For this assignment, you will search for an interesting relationship between two or more variables by constructing cross-tabulation tables using variations of the program below. Try all sorts of variables and variable combinations. Look at what relationships have significant chi-square tests. Find some story to tell from your exploratory analysis of these data. Then write up what you find in a three to five page analysis. Be sure to include at least one revealing cross-tabulation table in your analysis. (More than one is fine.) Discuss the relevant percentages. Remember that when you are trying to describe a relationship between two variables, it is normal to compare column numbers when you are using row percentages, and visa versa. Finally, you may want to convert some variables into new variables that have only a few categories. To get you started in the code below, I split income by its mean. Perhaps you may try splitting it by the median. Remember to get rid of the missing values when you do this. Various ways to recode variables can be found HERE. Understand that it is normally not good practice to reduce variation in a variable by creating categories out of continuous data. But sometimes it is heuristically helpful, and we will do it here to practice using tables and to begin recoding variables in R. If you only use categorical variables to begin with, this is not an issue, of course.

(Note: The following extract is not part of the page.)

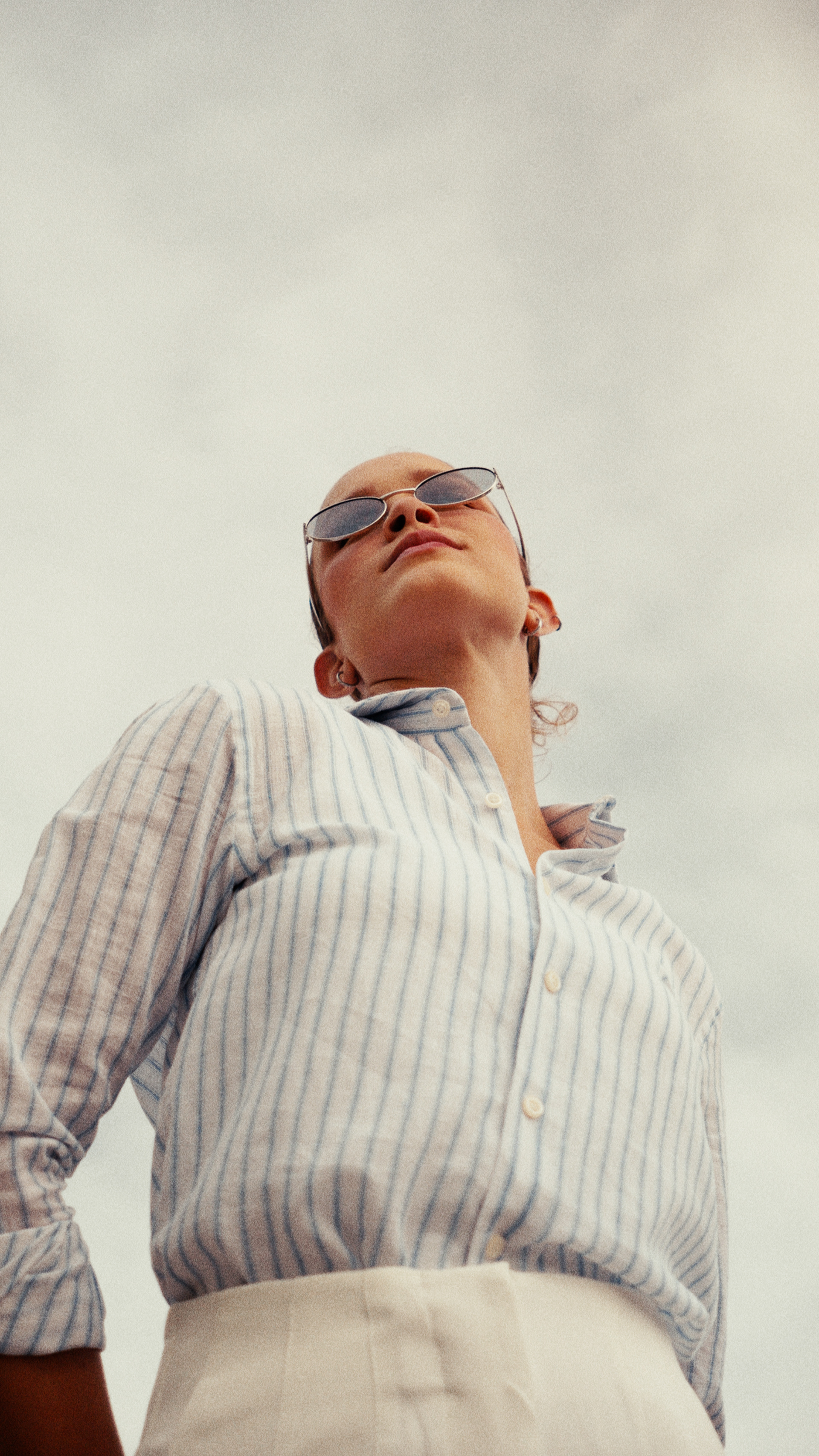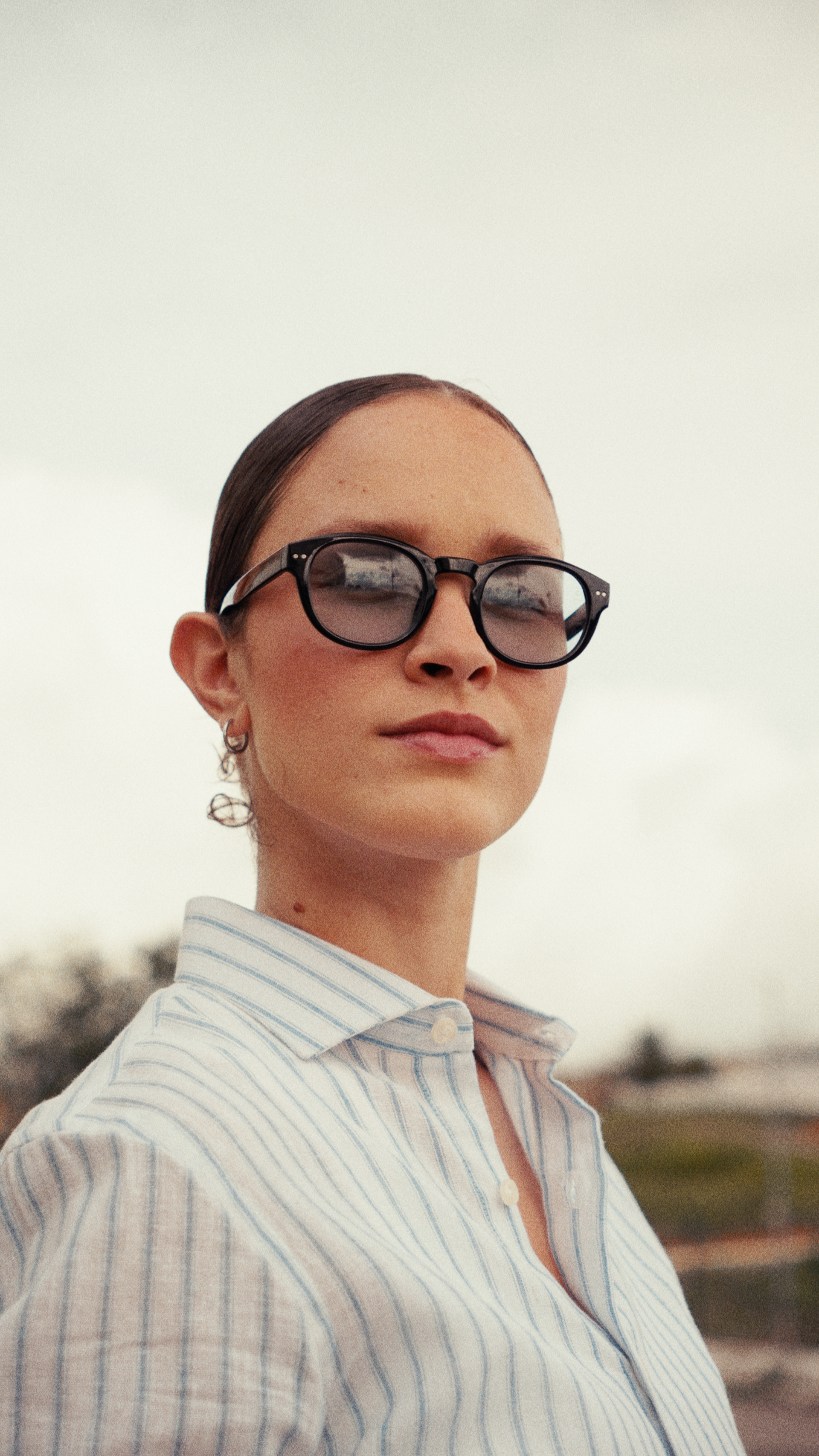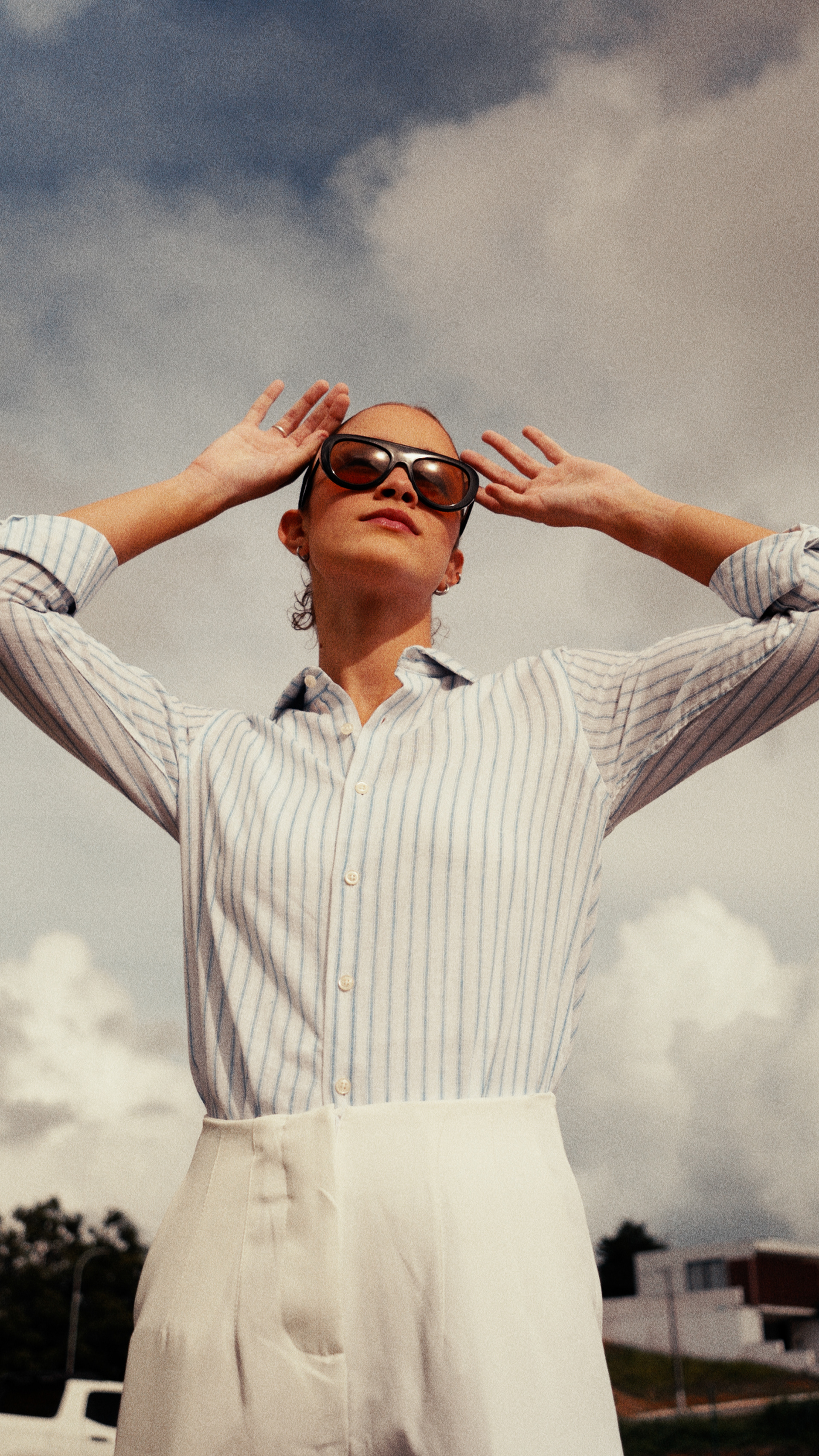 O projeto explora o contraste entre o minimalismo do quiet luxury e a presença marcante dos óculos, criando uma narrativa visual baseada em equilíbrio, forma e identidade.

# First, load a library that will build nice crosstabulation tables
library(gmodels)
# Now we get our data.
mydata <- read.table("panel80.df")
names(mydata) # This shows us all the variable names.
mynewdata <- mydata[ which(mydata$VOTE <= 2), ] # This gets rid of observations where votes went to minor candidates.
# Now we create an income category variable based on the mean for use in a table.
mynewdata$incomecategories <- ifelse(mynewdata$INC < mean(mynewdata$INC, na.rm = TRUE), 1, 2) # One way to recode variables.
CrossTable(mynewdata$SEX, mynewdata$VOTE, chisq=TRUE, expected = TRUE, format="SAS")
CrossTable(mynewdata$incomecategories, mynewdata$VOTE, chisq=TRUE, expected = TRUE, format="SAS")

 

* Below is the SAS code that performs the analysis for this assignment;

libname windata 'e:\';
GOPTIONS lfactor=10 hsize=6 in vsize=6 in horigin=1 in vorigin=1 in;
options nocenter ls=120;
**********************************************************;
* CLASS, NOTE THAT IF YOU BEGIN A LINE WITH AN ASTERISK *
* THEN YOU CAN PUT NOTES IN YOUR PROGRAM FILES. THIS IS
* LIKE A COMMENT CARD IN SPSS. HOWEVER, REMEMBER
* TO EVENTUALLY PUT A FINAL SEMICOLON AT THE END OF YOUR COMMENTS.;
***********************************************************;
* NOTE THAT I INDENT SOME STATEMENTS. THIS
* IS JUST FOR NEATNESS.;
***********************************************************;
* COPYRIGHT (c) Courtney Brown 2005, All Rights Reserved;
* Permission granted to use this file and computer code for any nonprofit and
* educational purposes, including classroom instruction.
* No further permission required.
* Please cite source as "From www.courtneybrown.com";
***********************************************************;
DATA panel80;SET windata.panel80;
if ((vote eq 1) or (vote eq 2));
if (age le 43) then generation = 'youth';
if (age gt 43) then generation = 'older';
if (partyid le 2) then party = 'Dem.';
if ((partyid ge 3) and (partyid le 5)) then party = 'Ind.';
if (partyid ge 6) then party = 'Rep.';
gender=sex;
proc format;
value VoteFmt 1 ='Reagan'
2 ='Carter'
3 ='Clark'
4 ='Anderson';
value GenderFmt 1 ='Male'
2 ='Female';
proc means;
proc contents;
proc freq;
tables gender*vote generation*vote gender*party generation*party / chisq;
format gender GenderFmt. vote VoteFmt.;
title 'Gender Gap';
run;
quit;